Joseph Vinoy (/fr/; 10 August 1803 - 27 April 1880) was a French soldier, who commanded the French capital's defenses during the siege of Paris in the course of the Franco-Prussian War.

==Biography==
He originally intended to join the Church, but, after some years at a seminary, he decided upon a military career and joined the French army in 1823. As a sergeant in the 14th line infantry, he took part in the Algerian expedition of 1830. He won his commission at the capture of Algiers and during the subsequent campaigns rose to the rank of Colonel. He returned to France in 1850. In the Crimean War, he served under François Certain Canrobert as general of brigade. For his brilliant conduct at the Battle of Malakoff in 1855 he was promoted to General of division. He later led a division of Adolphe Niel's corps in the Battle of Solférino.

Retired on account of his age in 1865, he was recalled to active service on the outbreak of the Franco-Prussian War in 1870. After the early reverses he was made head of the XIII army corps, which did not arrive at the front in time to be involved in the catastrophe of Sedan. By a skillful retreat he brought his corps intact to Paris on September 7. During the Siege of Paris, Vinoy commanded the III army operating on the south side of the capital and took part in all the actions in that quarter. On Louis Jules Trochu's resignation he was appointed to the supreme command, in which capacity he negotiated France's surrender.

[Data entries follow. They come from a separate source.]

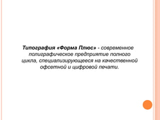 Типография «Форма Плюс», основанная в 2002 году, специальизируется на качественной офсетной и цифровой печати, выходя на рынок с современным оборудованием из различных стран. В 2011 году была запущена третья линия офсетной печати, предоставляющая дополнительные возможности защиты продукции. Компания предлагает широкий спектр печатной продукции, включая упаковку, рекламные материалы и бланки, с доставкой по указанному адресу.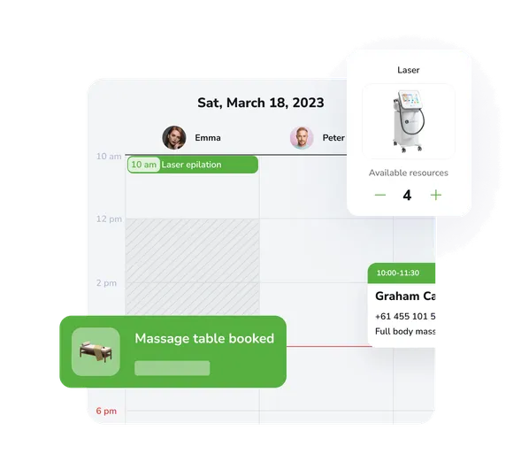რესურსების მართვა არის ყველა აქტივის აღრიცხვა და კონტროლი, რომელიც საჭიროა მომსახურების გასაწევად: აღჭურვილობა, სივრცეები, მასალები, ინსტრუმენტები. სისტემა ავტომატურად აკონტროლებს მათ ხელმისაწვდომობას.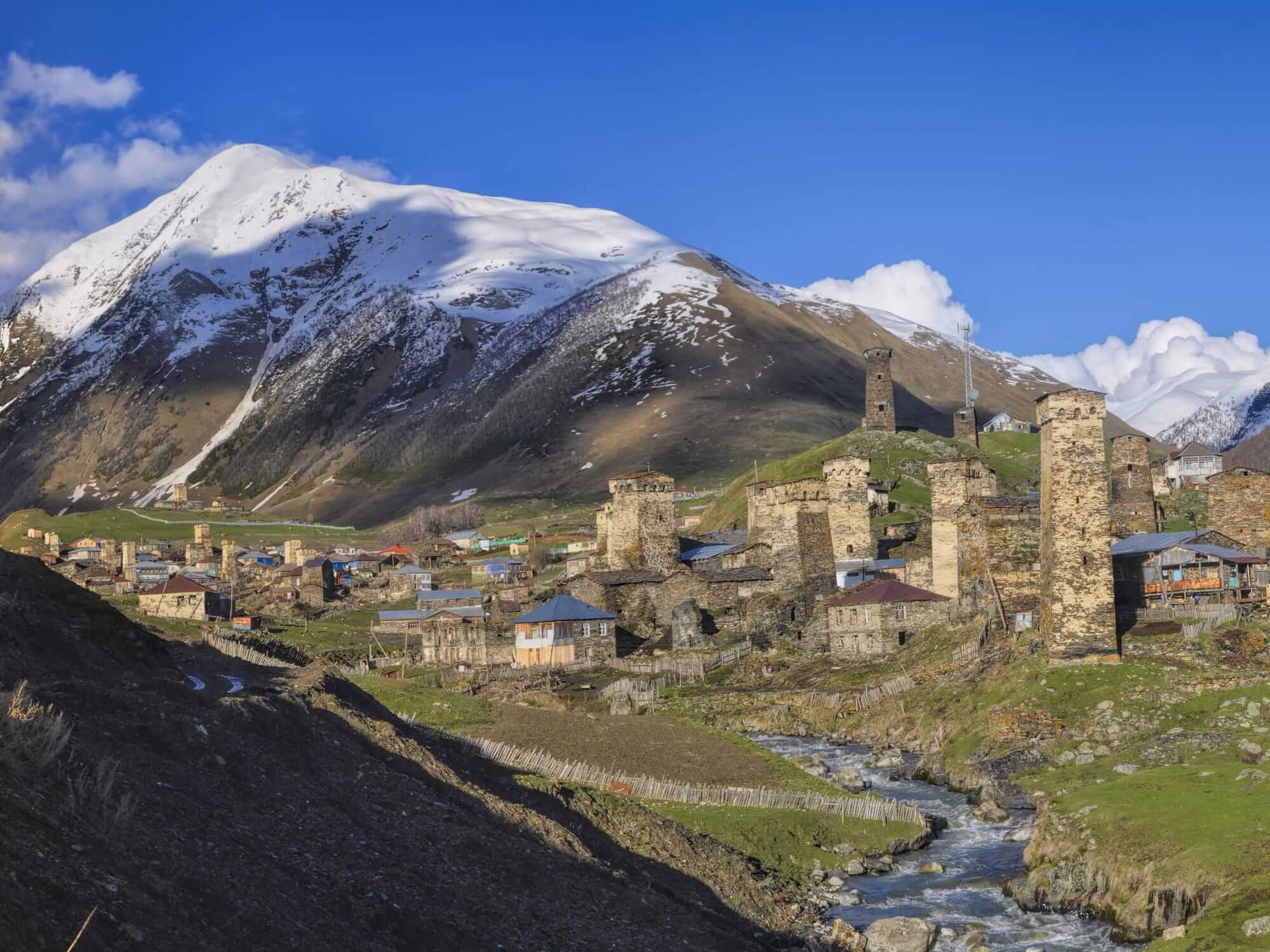 Climbing to the top offers breathtaking views of the Caucasus peaks, including Mount Shkhara, Georgia’s highest summit. The sight of dozens of towers rising above green meadows and snow-capped mountains evokes both wonder and reverence — a powerful reminder of how architecture, culture, and nature intertwine in this remote frontier.

During the Paris Commune, he held important commands in the army of Versailles, occupying the burning Tuileries and the Louvre on May 23, 1871. He was subsequently made a Grand Chancellor of the Legion of Honour.

Vinoy wrote several memoirs of the Franco-Prussian War: Operations de l'armée pendant le siege de Paris (1872); L'Armistice et la commune (1872); and L'Armée française (1873).

The Municipality of Vinoy in Quebec, Canada, was named in his honour (since 1996 part of the Municipality of Chénéville).